§ AVAILABLE DATA
==================================================
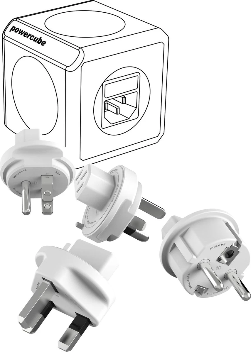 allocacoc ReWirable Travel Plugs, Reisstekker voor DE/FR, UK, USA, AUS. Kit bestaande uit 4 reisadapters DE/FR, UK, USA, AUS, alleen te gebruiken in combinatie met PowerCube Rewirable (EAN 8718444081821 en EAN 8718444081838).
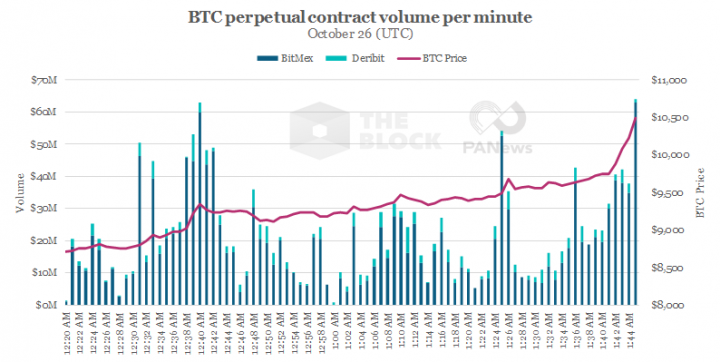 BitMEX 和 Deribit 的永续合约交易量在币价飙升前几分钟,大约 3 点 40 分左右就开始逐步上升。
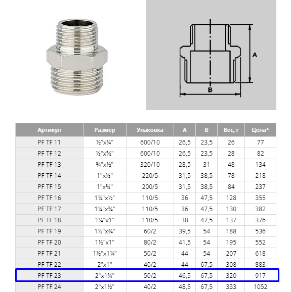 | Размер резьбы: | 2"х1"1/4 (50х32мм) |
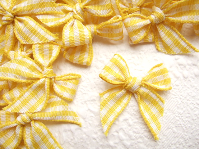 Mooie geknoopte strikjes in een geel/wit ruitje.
==================================================
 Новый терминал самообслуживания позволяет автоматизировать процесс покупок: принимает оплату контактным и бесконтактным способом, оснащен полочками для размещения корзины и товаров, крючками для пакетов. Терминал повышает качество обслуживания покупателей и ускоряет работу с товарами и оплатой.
==================================================
§ GOAL OF THE EXERCISE
Write back word for word every line in the entries above from the one with "BitMEX 和 Deribit" to the one with "Mooie geknoopte strikjes", ends included, and none of the pictures.

§ REPLY TO THE TASK
 BitMEX 和 Deribit 的永续合约交易量在币价飙升前几分钟,大约 3 点 40 分左右就开始逐步上升。
 | Размер резьбы: | 2"х1"1/4 (50х32мм) |
 Mooie geknoopte strikjes in een geel/wit ruitje.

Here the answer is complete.